The compounding advantage is real
One of JetBrains’ most actionable ideas is compounding experimentation.
A simple, quotable rule:
Teams that run small AI experiments weekly outperform teams that bet big quarterly.
Compounding happens because each small win becomes a reusable pattern:
- A PR template that guides agent output
- A “definition of done” that includes AI verification steps
- A library of prompts tied to internal standards
- A set of safe tasks agents can handle reliably
Over months, this becomes a delivery advantage competitors can’t copy overnight.
A practical “AI developer workflow” checklist
If you want to align with what JetBrains is doing—without copying tools blindly—use this checklist:
- Do we have clear guardrails? (tests, linting, dependency rules)
- Can AI access the right context safely? (repo scope, secrets policies)
- Are we reducing context switching? (AI inside dev tools)
- Do we measure speed and quality? (cycle time and defect rate)
- Do we have an escalation path? (when AI gets stuck, who decides?)
If you can’t answer these, you don’t have an AI workflow yet—you have AI features.
The next year of AI coding looks like “better work,” not less work
JetBrains’ “what’s next” vision is the one I’d bet on: engineers spend more time designing systems, guiding agents, reviewing efficiently, and shipping with more confidence.
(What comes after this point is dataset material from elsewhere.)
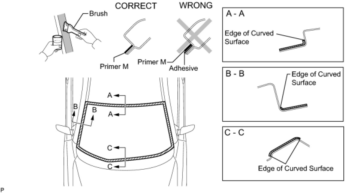 (a) Using a brush or a sponge, coat the application area of windshield glass adhesive dam with Primer G.
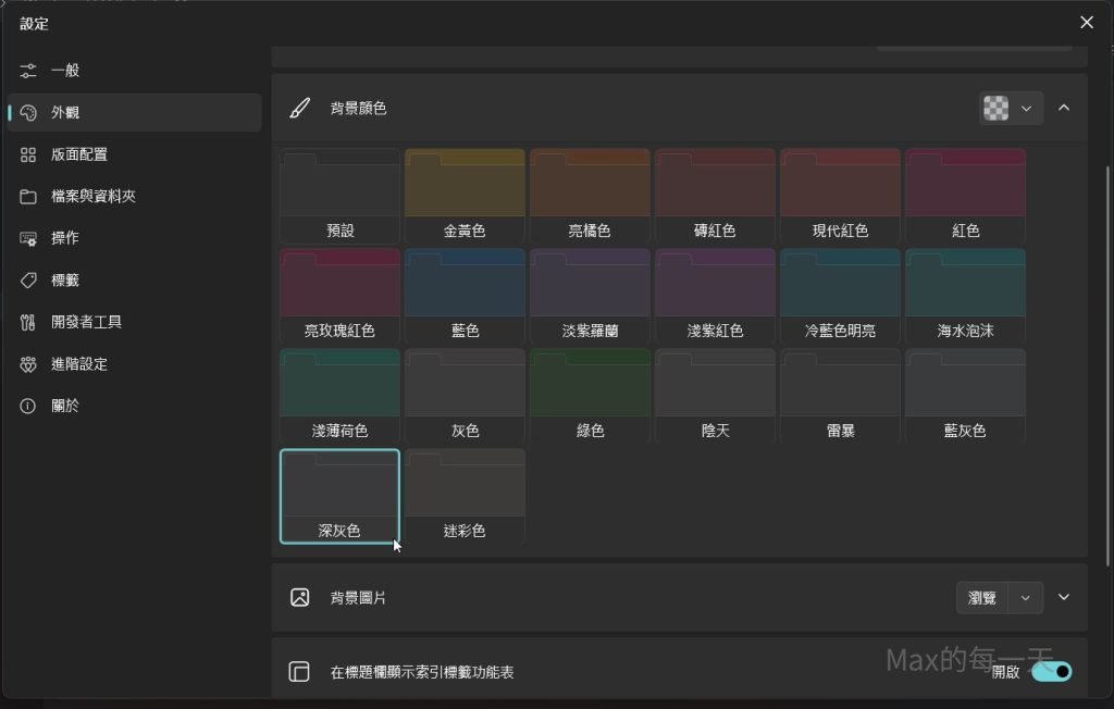在應用程式主題區段,你可以手動切換深色或淺色模式,也可以讓它跟隨 Windows 系統的設定。下方有一個佈景主題下拉選單,裡面提供多種預先配置好的配色方案,你可以直接套用喜歡的色彩。

This fits the broader theme of our series, How AI Is Powering Technology and Digital Services in the United States: the real payoff isn’t automation for its own sake. It’s building digital products that improve faster, break less, and cost less to maintain.
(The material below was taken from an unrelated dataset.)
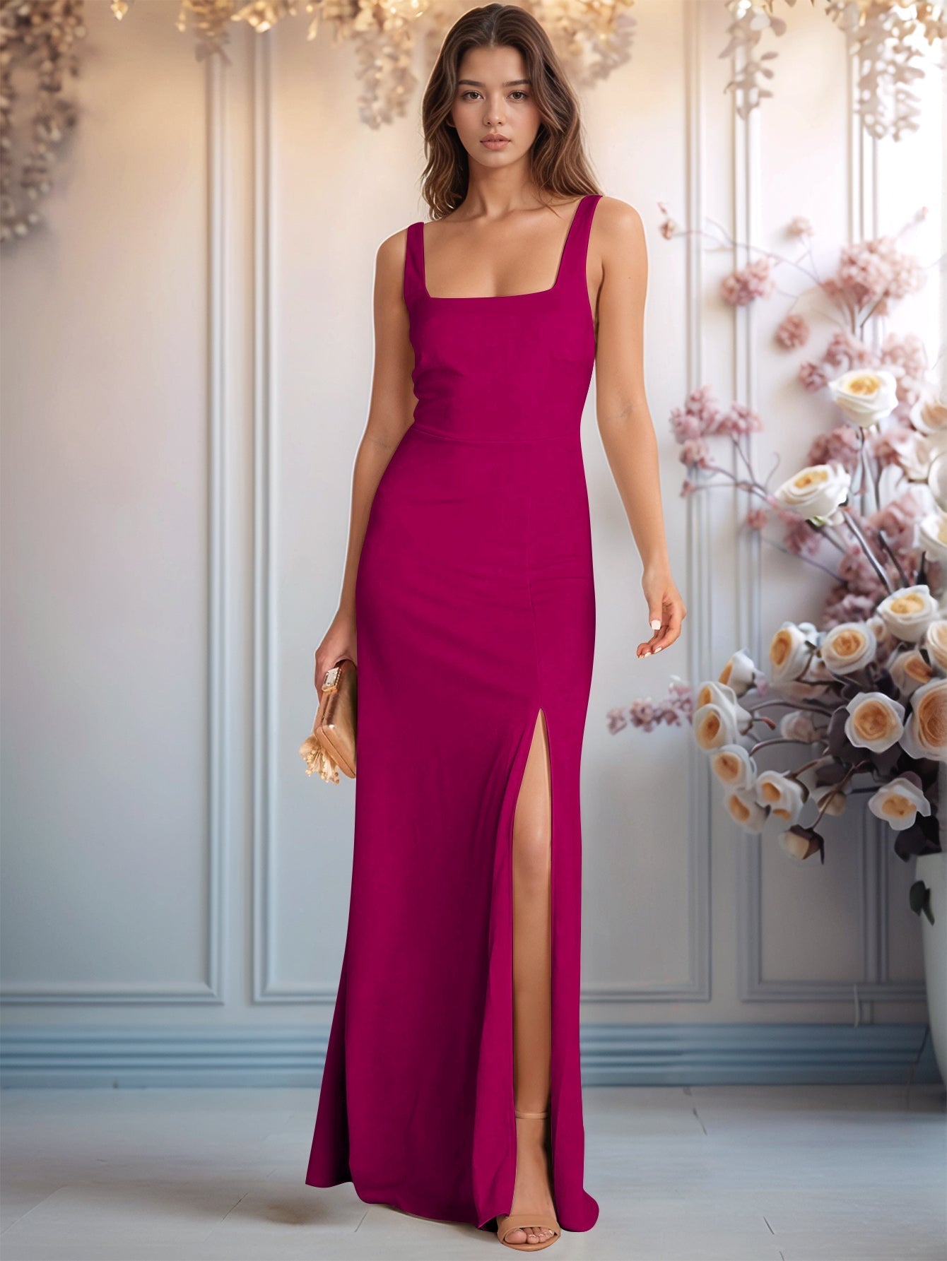 Square Sheath Floor Length Bridesmaid Dress With Split - Fuchsia

If you’re responsible for product delivery or engineering performance, the next step is straightforward: pick one painful workflow—tests, docs, or reviews—instrument it, and run a four-week experiment with clear quality gates. You’re not aiming for magic. You’re aiming for repeatable improvement.
The forward-looking question worth sitting with: when AI agents can handle more of the “mechanical” work, will your team’s bottleneck become architecture—and are you training for that now?